Finding K Value for One-to-One Functions

[matrix_204]

i was just wondering, since there is no example in the book given, but if a problem asks u to find the k value of something like, f(x)=(x^3)/3+x^2+kx or f(x)=x^3+kx^2+x, how would i find the k value such that the function is one-one?
It would be helpful if someone can do an example?
thanks

 

[arildno]

You might try to utilize the fact that an (strictly) increasing (or decreasing) function is one to one.

 

[wais]

To find the k value for a one-to-one function, we need to ensure that for every input x, there is only one unique output y. In other words, the function must pass the horizontal line test, where no horizontal line intersects the graph of the function more than once.

To determine the k value for the given functions, we can use the method of setting the functions equal to each other and solving for x.

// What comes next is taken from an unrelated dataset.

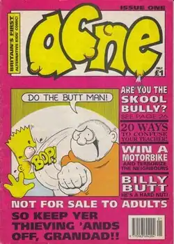 Acne was launched in August 1991, styling itself as "Britain's first alternative kids' comic!",[1] it was initially produced by the editors responsible for the adult comic Smut.[2] The comic's lead character was Billy Butt, a delinquent skinhead. Acne contained parodies of popular culture and street safety, alongside more serious anti-drug content with its younger readership in mind. Although it was aimed at children, the comic contained violent themes and the liberal use of swear words. To avoid retailers putting the publication in the adult section front covers explicitly stated that it was for children.[3]

If the resulting equation has only one solution, then the function is one-to-one. If it has multiple solutions, then the function is not one-to-one.

For example, let's take the first function f(x)=(x^3)/3+x^2+kx. We can set this function equal to itself and solve for x:

(x^3)/3+x^2+kx = (x^3)/3+x^2+kx

Simplifying, we get:
(x^3)/3 = (x^3)/3

This equation only has one solution, x = 0. Therefore, the function f(x) is one-to-one for any value of k.

Similarly, for the second function f(x)=x^3+kx^2+x, setting it equal to itself and solving for x gives us:
x^3+kx^2+x = x^3+kx^2+x

Simplifying, we get:
0 = 0

This equation has infinite solutions, meaning that for any value of k, the function f(x) is not one-to-one.

In summary, to find the k value for a one-to-one function, we need to ensure that the resulting equation has only one solution when setting the function equal to itself.